Я сосредоточусь на сравнительном анализе креативно-эстетических концепций Набокова и Булгакова – по преимуществу с точки зрения проблемы соотношения в них металитературного и иррационально-трансцендентного начал. Следует при этом учитывать и различие в самом способе выражения позиции художника-творца: в форме критико-литературоведческого дискурса у Набокова (Лекции, интервью, статьи) и в художественных образах – у Булгакова.

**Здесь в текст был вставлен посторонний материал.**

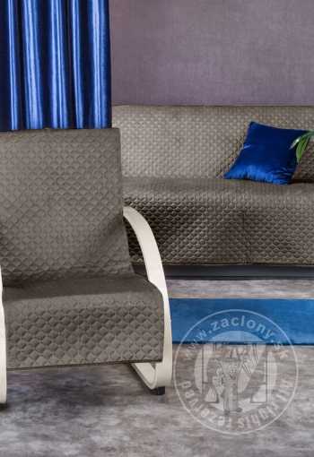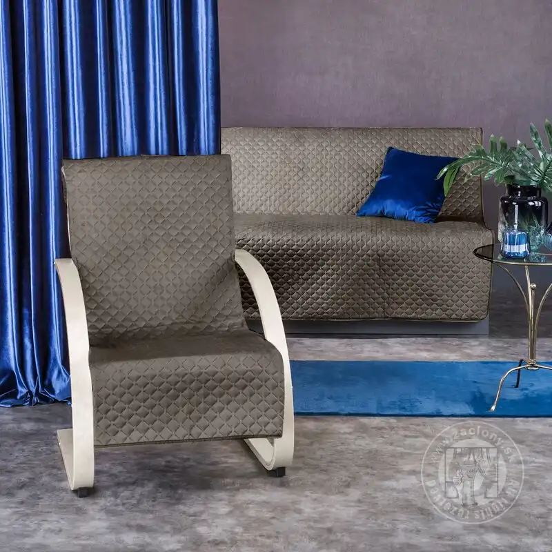 Vrch prehozu je vyrobený z hebkej zamatovej látky s jemným leskom, spodná strana je vyrobené z hladkej látky-matného mikrovlákna, ktoré zabraňuje zošmyknutiu prehozu z kresla.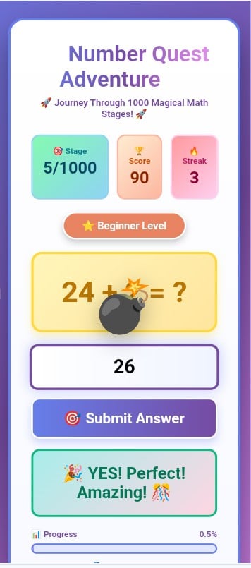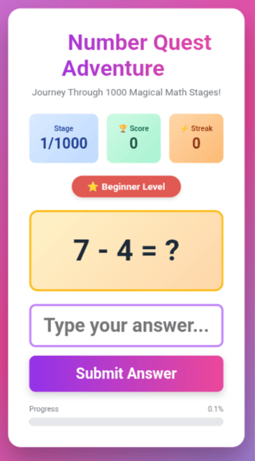 Embark on an epic mathematical journey through 1000 colorful, progressively challenging stages! Perfect for all ages - from young learners to math enthusiasts.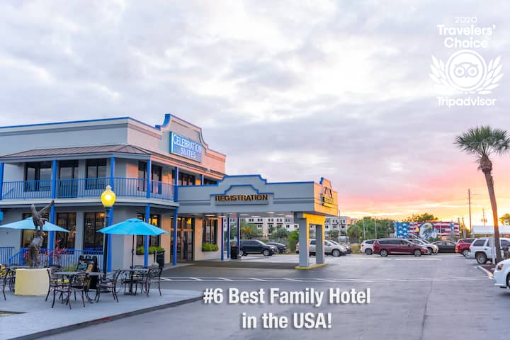 Celebration Suites被评为2020年排名第6的最佳家庭酒店! 每个房间都是独立的公寓,配有齐全的厨房,包括所有餐具,无需额外付费。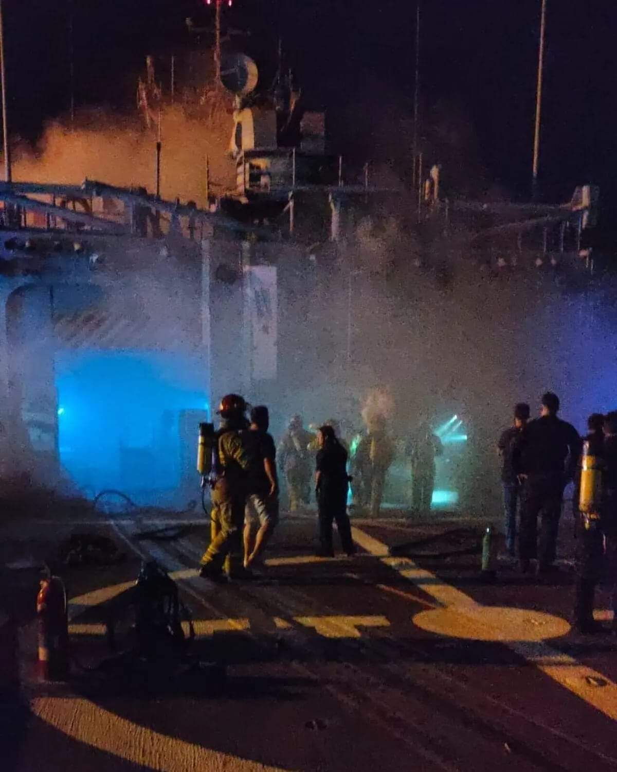 Aunque en un primer momento se han controlado las llamas con medios propios de la Armada y de la Marina estadounidense, el fuego volvió a reavivarse, por lo que los bomberos de la Base Naval debieron volver a actuar con los trabajos de extinción. Según ha trascendido, se han evacuado con éxito a más de 20 personas de la dotación de la fragata y parece que de momento no hay heridos.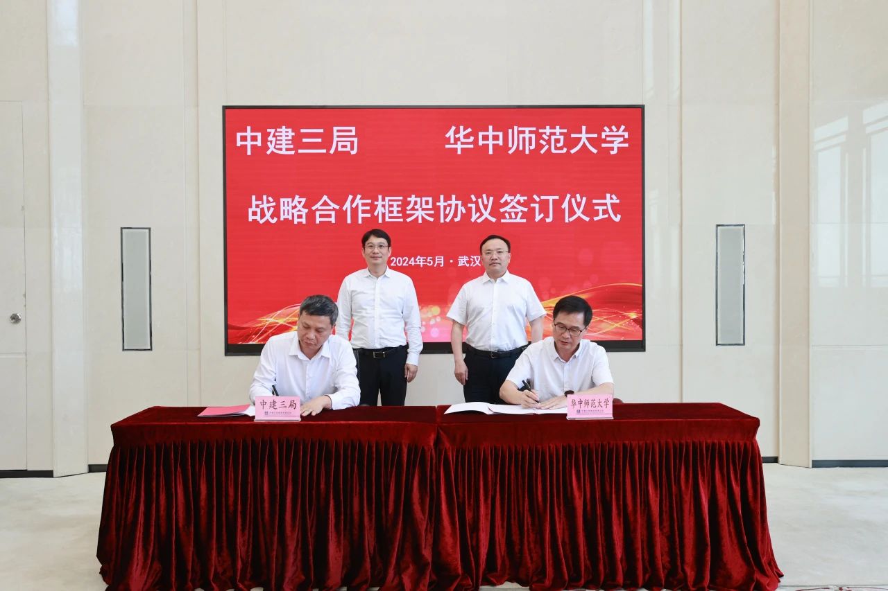 华大在线讯(通讯员 程浩)5月17日,我校与中建三局签署战略合作框架协议,校党委书记夏立新、副校长任友洲,中建三局党委书记、董事长陈卫国等出席签约仪式并开展会谈交流。

Креативно-эстетические концепции Набокова и Булгакова, как и их литературные стили, обнаруживают явные признаки металитературности. «Metafiction – это термин, обозначающий художественный текст, сознательно и систематически подчеркивающий свой статус артефакта с целью провоцирования вопросов о взаимоотношениях между вымыслом (fiction) и реальностью, – пишет американская исследовательница П. Во. – Осуществляя критику принципов собственного построения, такие произведения не только анализируют фундаментальные структуры художественного повествования, но и исследуют возможную функциональность мира за пределами вымышленного литературного текста» [3].

О В. Сирине еще В. Ходасевич писал: «Жизнь художника и жизнь приема в сознании художника – вот тема Сирина, в той или иной степени вскрываемая едва ли не во всех его писаниях» [4]. Так, сам того не ведая, критик положил начало интерпретации набоковских произведений как металитературных. В современном набоковедении эта концепция доминирует [5].

Упоминается в контексте размышлений о метапрозе и «Мастер и Маргарита» [6]. Однако, говоря о металитературности булгаковского «закатного» шедевра, обычно имеют в виду роман мастера о Понтии Пилате, в то время как доминантный метасюжет «Мастера и Маргариты», на уровне макротекста, воссоздает процесс рождения и написания другого романа – об Иисусе Христе, а сочинение мастера – лишь этап его сотворения [7]. Можно сказать, что так же, как набоковский «Дар», начавшись с творческого импульса – написать какую-нибудь «толстую штуку» [8] в классическом стиле, заканчивается его реализацией, так и «Мастер и Маргарита» начинается в «Прологе на Патриарших» с творческой неудачи Ивана Бездомного – сочинение к Пасхе антирелигиозной поэмы, а заканчивается тем, что настоящий роман о Христе к Пасхе создан.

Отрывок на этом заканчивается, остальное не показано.